In 2011, the first inland wind power generator was installed in Pohang, North Gyeongsang. But it caused trouble as it broke down every one or two years. Repair took four months because the generator, imported from Denmark, had to be fixed by Danish engineers. North Gyeongsang demolished it at the end of 2016, as it was wasting taxpayers’ money. The world’s first rotating solar energy system installed in a reservoir in Anseong, Gyeonggi, has solar panel modules that rotate like a sunflower and take in more sunlight. But when the reservoir dried out due to a drought in 2017, it stopped rotating and electricity production was disrupted.

In the Moon Jae-in administration’s nuclear phase-out efforts, solar and wind power are leading the expansion of renewable energy. But there are unexpected factors in maintenance and operation. The biggest weaknesses are the weather and climate change. Joo Han-gyu, a professor of nuclear engineering at Seoul National University, said that solar energy cannot be generated at night or on cloudy days. Wind energy cannot provide stable electricity because the amount of wind that fluctuates.

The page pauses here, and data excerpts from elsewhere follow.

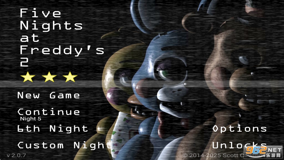 《玩具熊的五夜惊魂2Five Nights at Freddy&39;s 2》是一款PC移植的动作冒险游戏,游戏主要以恐怖为主,在游戏中营造了一种很好的氛围!主人公是是一个披萨店的监控保安,这家店为了吸引孩子们而搞来了很多玩具熊,其实这些玩具熊的皮套下是AI机器人,玩家在午夜之后还要监控店铺内部,但是这些玩具熊莫名其妙地开始活动了,寂静的夜晚变得恐怖起来,而你则要这样子渡过五个晚上!!!
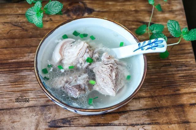 6、開蓋,把大蔥,生薑撈出,調入食鹽調味,撒點蔥花點綴,羊肉湯只要加大蔥一起煲,沒有羊騷味,肉香四溢還不膩,學會給家人露一手吧!
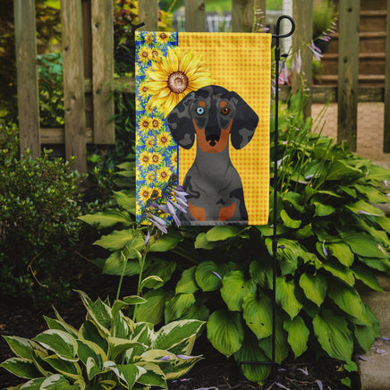 Decorate your space with Caroline's Treasures Dachshund artwork on a Garden Flag. Bring a bit of Summer into your home with a Summer Garden Flag. Enhance the beauty of your garden, patio, or yard with Caroline's Treasures Decorative Garden Flag, proudly made in the USA. Crafted from two pieces of thick, double-sided polyester fabric, this 2-ply garden flag is designed to withstand various weather conditions, making it water-resistant and weatherproof. Featuring correctly readable words on both sides, this garden flag offers a delightful visual experience from any angle. With its heavier weight, it stands out among other garden flags, ensuring stability and durability even in wind, rain, and snow. Measuring approximately 11 1/4 inches by 15 1/2 inches, this flag allows you to personalize your outdoor decor. It comes with a 1 1/2-inch sleeve sewn in, allowing easy attachment to any standard garden flag stand or garden size porch hanger (sold separately). Make a statement in your outdoor space with Caroline's Treasures Decorative Garden Flag, a vibrant and high-quality flag that adds color and personality to your surroundings. Proudly made in the USA, it's a symbol of quality craftsmanship and attention to detail.

According to a report that People Power Party (PPP) lawmaker Yoon Young-seok received from the Electricity Exchange, solar energy only made up 0.4 percent of the total energy generation at the peak demand time between Jan. 1 and 14. Yoon explained that heavy snow from Jan. 6 piled up on the solar panels, and dropping temperatures lowered the power generation efficiency. In July last year, solar energy made up 0.8 percent of the total at its peak times, and 1.8 percent in August. That was when Korea recorded one of its longest rainy seasons in history. Wind energy didn’t help much during this time — accounting for only 0.2 to 0.5 percent at peak times.

Recklessly expanding solar and wind energy without taking their limits into account could damage the stability of electricity supply. The blackout in Texas last month is an example. The crisis grew after wind energy and solar energy — which made up a big portion — stopped in severe cold and heavy snow. The Wall Street Journal pointed out that wind and solar energy cannot generate electricity 24/7, but the belief in renewable energy was too big.

Renewable energy needs to be increased in the long run. But it is a multi-variable equation involving many factors, including changes in electricity infrastructure and expansion of energy storage system. Approaching the issue by treating nuclear and coal-powered generation — which supplied nearly half (46.3 percent) of the electricity supply last year — as “absolute evil” and new renewable energy as “absolute good” cannot produce an effective solution.